Una vez rematado la caja arquitectónica, la interiorista María Lladó fue quien llenó de vida los ambientes con un ameno mix de muebles. Antigüedades de ornamentación sutil, atractivos clásicos del s. XX e incluso diseños a medida ideados por la decoradora fueron encontrando su espacio bajo un criterio de orden y una paleta suave que abarca lacas blancas, decapados o pieles curtidas. Nada oscurece la escena. Y, como efecto de impacto, cuadros y esculturas elevando el nivel decorativo. Sabias mezclas que hablan de equilibrio y gusto.

IDEAS DEL PROYECTO

Continuidad óptica.
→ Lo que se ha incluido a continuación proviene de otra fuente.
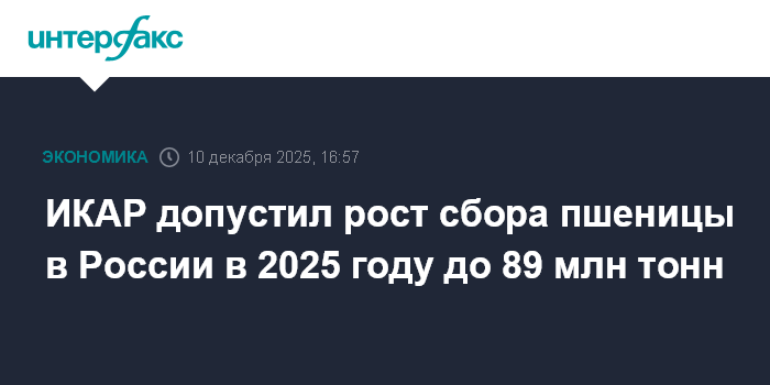 Москва. 10 декабря. INTERFAX.RU - Оценка сбора пшеницы в России в 2025 году может увеличиться до 89 млн тонн, заявил на конференции "Агрохолдинги России - 2025" директор Института конъюнктуры аграрного рынка (ИКАР) Дмитрий Рылько.
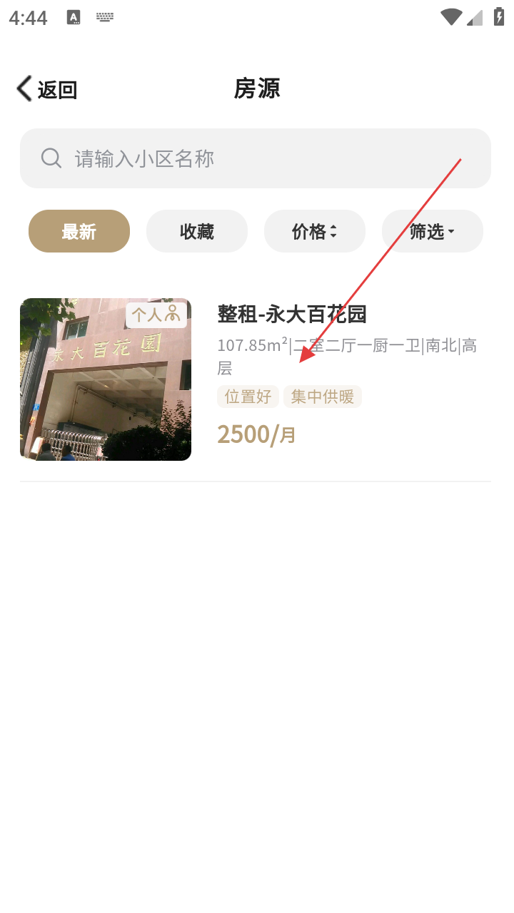 2、在房源列表,选感兴趣的“整租永大百花园”房源,进入详情页。
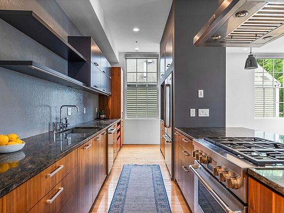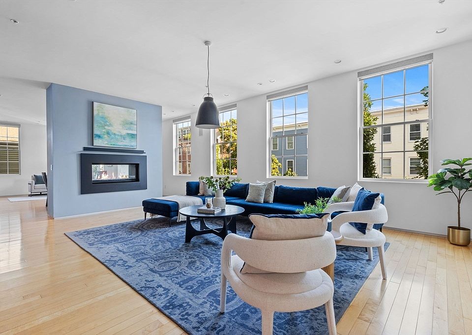 One-of-a-kind design and dramatic natural light set this re-priced corner home apart in South Boston. The single-floor layout is anchored by soaring ceilings, three walls of oversized windows, and a sleek double-sided fireplace that define the expansive open living room. A flexible dining area and bonus nook create space for a home office, studio, or reading spot. The chef’s kitchen features custom Henrybuilt cabinetry, Dornbracht fixtures, and iconic Fritz Hansen lighting in a modern, clean finish. The primary suite includes a walk-in closet with built-ins, while the second bedroom adapts easily to multiple uses. In-unit laundry, central air, abundant storage, and direct-access garage parking add everyday ease. With its striking design and East Side location near parks, restaurants, and transit, this condo delivers elevated city living.
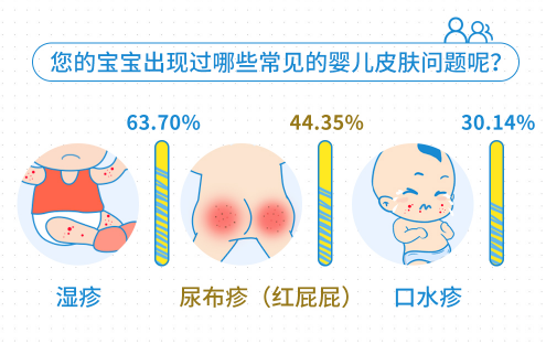 嬰幼兒常見皮膚問題有濕疹、皮炎、蕁麻疹、口水疹、紅屁股、紅臀、痱子(熱疹)、膿皰疹、過敏、奶疹、急疹(嬰兒玫瑰疹)、痤瘡,而出現(xiàn)最多的屬濕疹、尿布疹(紅屁屁)、口水疹。
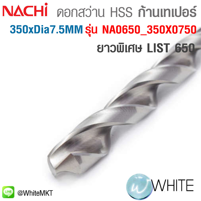 ดอกสว่าน HSS ก้านเทเปอร์ ยาวพิเศษ ขนาด ยาว 350 x Dia. 7.5 MM เจาะเหล็ก LIST 650 รุ่น NA0650_350X0750 ยี่ห้อ NACHI
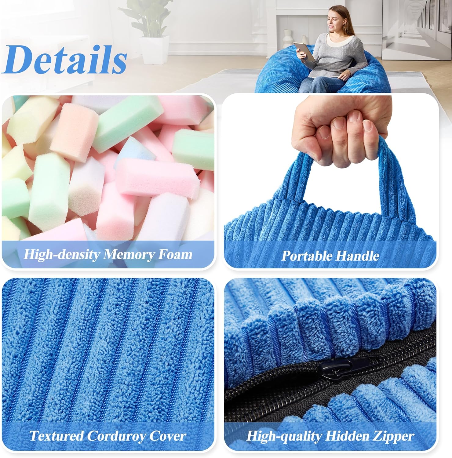 - COMFORTABLE & DURABLE FABRIC: Our bean bag chairs are made of textured corduroy, which is skin-friendly. The cover can be machine washable so that you can clean it like new. The filled memory foam is high-density, which is easily rebound and make you feel relaxed once you lie down or sit on the chairs.
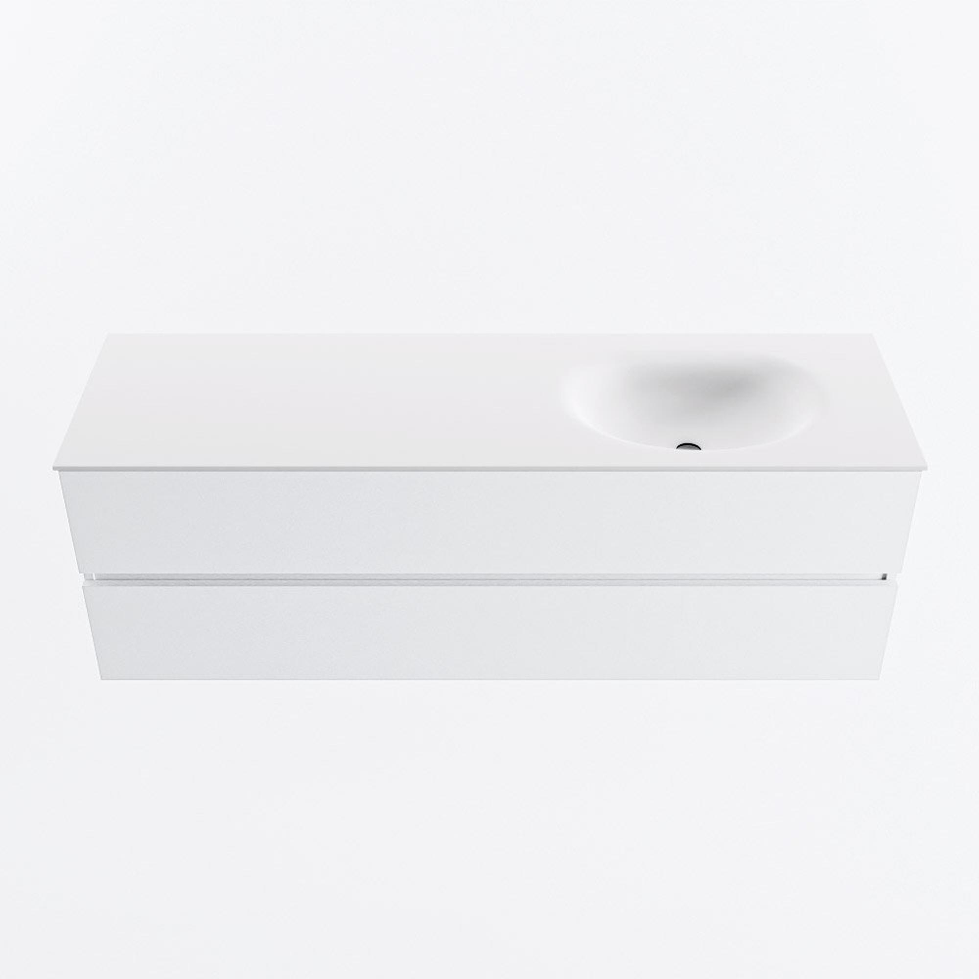 MONDIAZ VICA meuble sous lavabo 150cm Talc 2 tiroirs. Lavabo MOON à droite sans trou de robinet, couleur Talc.
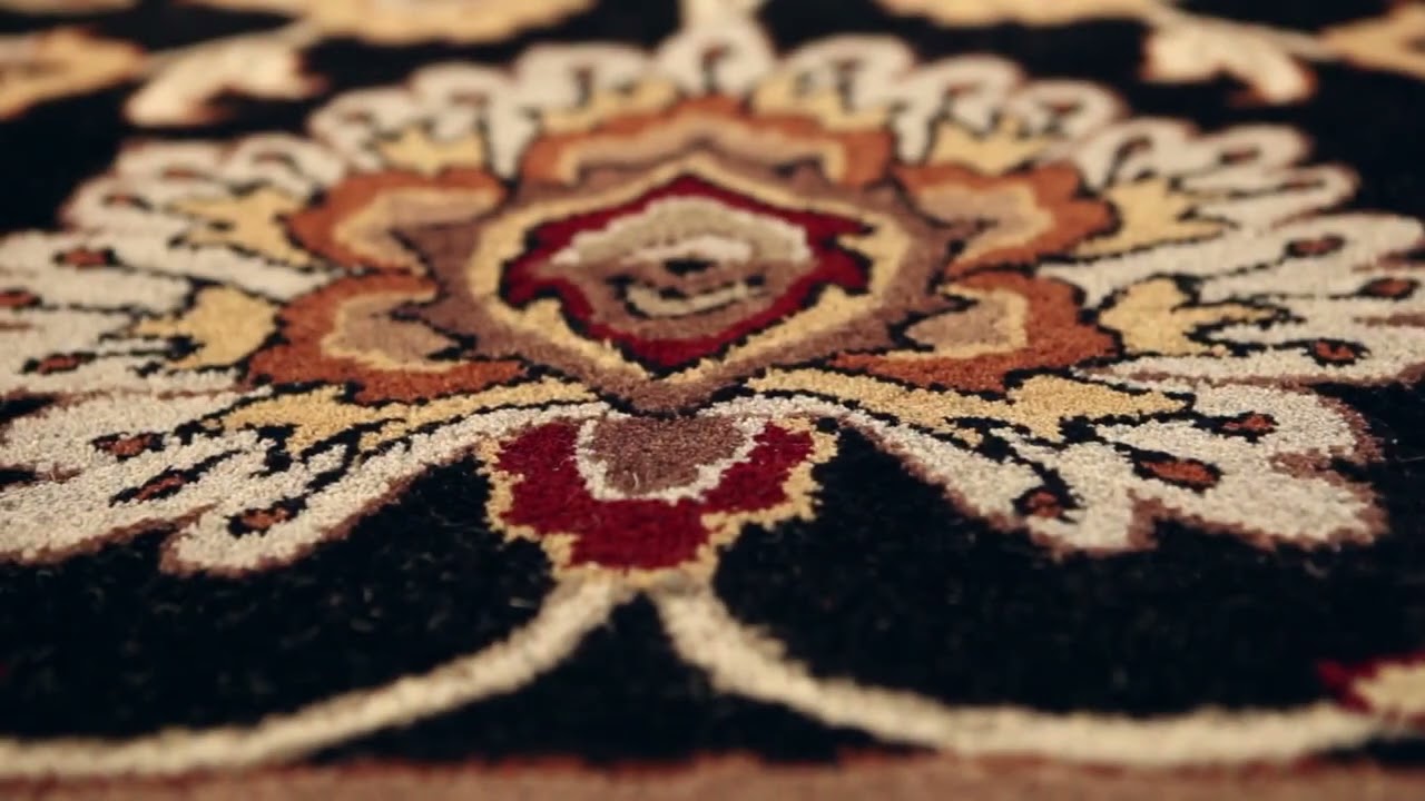 A dramatic black wool canvas covered in rich floral scrollwork — the Conesus brings classic Persian elegance and serious hand-tufted quality to any room.
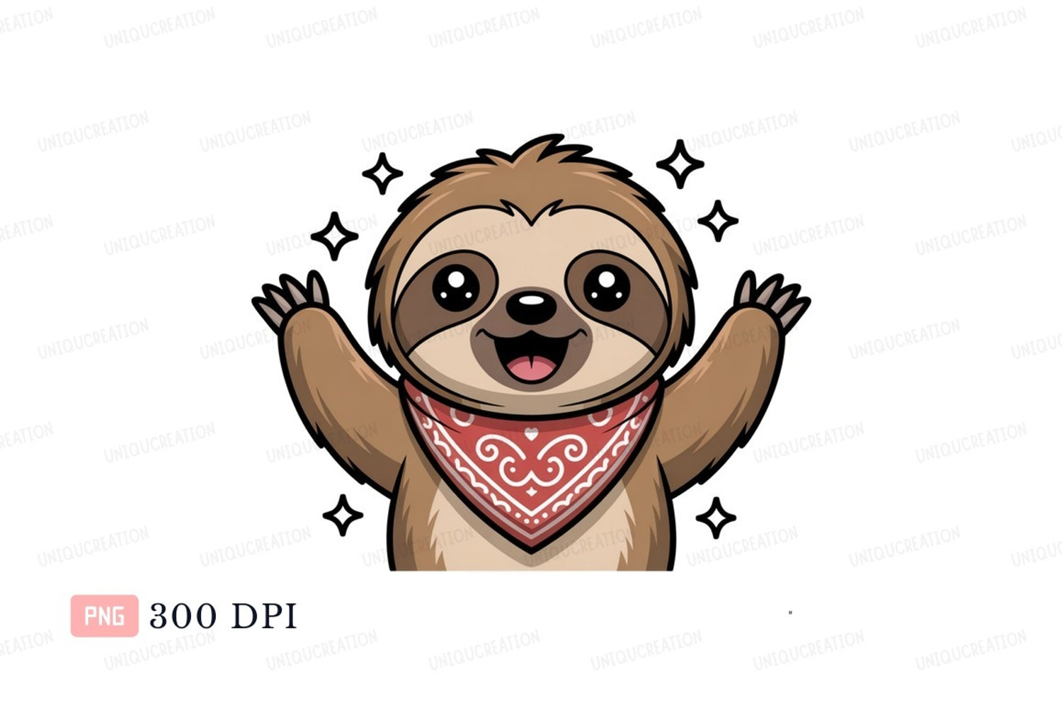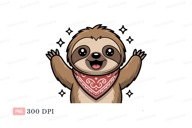 Cartoon Animal Cute Happy Friendly Bandana White Red Waving Sloth

En la obra se unificaron materiales para lograr un espacio homogéneo, con un suelo de resina liso en color yeso, que parece prolongarse en la pintura blanco roto de las paredes. Una propuesta que intensifica la luz natural.
Cristaleras por doquier. Aunque las fachadas quedaron intactas, se aumentaron los huecos de ventanas llegando hasta el techo y de un extremo a otro de algunos tabiques, con lo que consiguieron espacios en comunicación directa con el exterior.
Iluminación. Muy personalizada y con un toque muy joven. Fantásticos los rieles de focos de dimensiones generosas para enfocar algunos frentes, espejos de baños o incluso obras de arte. Aportan un aire industrial muy en tendencia.